After establishing this entry point into understanding the foundations of place cell
activity, it became necessary to complicate and broaden the picture. Ultimately, the
extent to which the endogenous activity of place cells can serve as representations that
feedback on the action of the organism and enhance its ability to learn, discriminate
between, and navigate within environments offered a novel conception for how to
understand representations within the framework of ecologically embodied cognition. In
order to enable the organism to perform the cognitive acts of spatial navigation and
spatial learning, place cells represent the environment by simulating action, or
endogenously generating the sequences of cell activity that have and would co-vary with
the organism’s embodied action. And secondly, place cells enable the rapid learning of
environments by endogenously generating patterns of activity that intend to predict the
way in which the organism’s action will continue to alter this activity. This ultimately
provided another example of reciprocal coupling—between the brain’s internal network
processes and the incoming stimuli from the action of the organism’s body.
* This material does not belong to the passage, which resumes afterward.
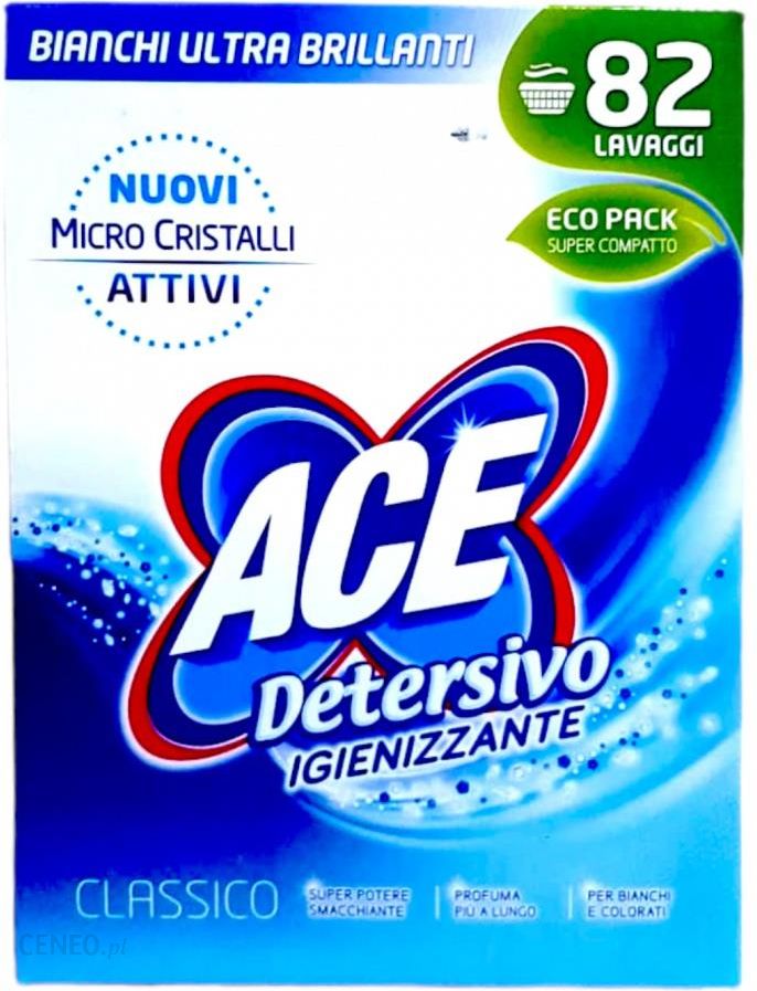 ACE uniwersalny proszek do prania z Włoch, idealny do białych i kolorowych ubrań dla całej rodziny. Proszek ACE Sanitizing Detergent zapewnia głębokie czyszczenie i świeży zapach, który utrzymuje się dłużej. Skutecznie usuwa plamy nawet w niskich temperaturach, dezynfekuje i czyści pranie z zachowaniem struktury tkanin i kolorów. Dodatkowo dzięki specjalnej formule z aktywnymi mikrokryształkami nadaje ultra blasku i ożywia biel.ACE włoska chemia w najlepszym wydaniu.Pojemność: 5,33 KGWydajność: 82 prania

Ultimately, this re-instated the central claim that to thoroughly understand the mind,
it is necessary to embrace non-linear processes that are happening at many levels. And of
course, non-linearity does not equate with cycles of input and output through the brain
regarded as a central processor. This approach is endemic to the computational
assumptions of traditional cognitive science. Instead, the non-linearity exemplified by the
brain’s internal processes in the context of embodied action is such that respective poles
of the linear oppositions presupposed by traditional cognitive science come to carry
83
within themselves the contents of their opposites—action is perception, perception is
action; mind is body, and body is mind. It was only through the body that the brain’s
internal processes of representation could be grasped as both indebted to action and
indispensible to it.
After repeatedly invoking the empty observation that the first neurons evolved to
coordinate action, it is my hope that this observation has been given substance in the
process of my exposition. Ultimately, the focus of this project has not been to offer an
exhaustive account of the bodily and neural contributions phenomena such as thought
or reflection, features we often equate with our ‘mind.’ Instead, by showing the centrality
of the body in cognitive action within an environment and, furthermore, the way in
which endogenous brain activity ultimately emerges from and is related two this
embodied activity, I hope to have pointed towards a valuable heuristic for inquiring into
the neural activity that underpins such phenomena. In short, I hope to have pushed the
field of cognitive science towards a more unified naturalism of mind.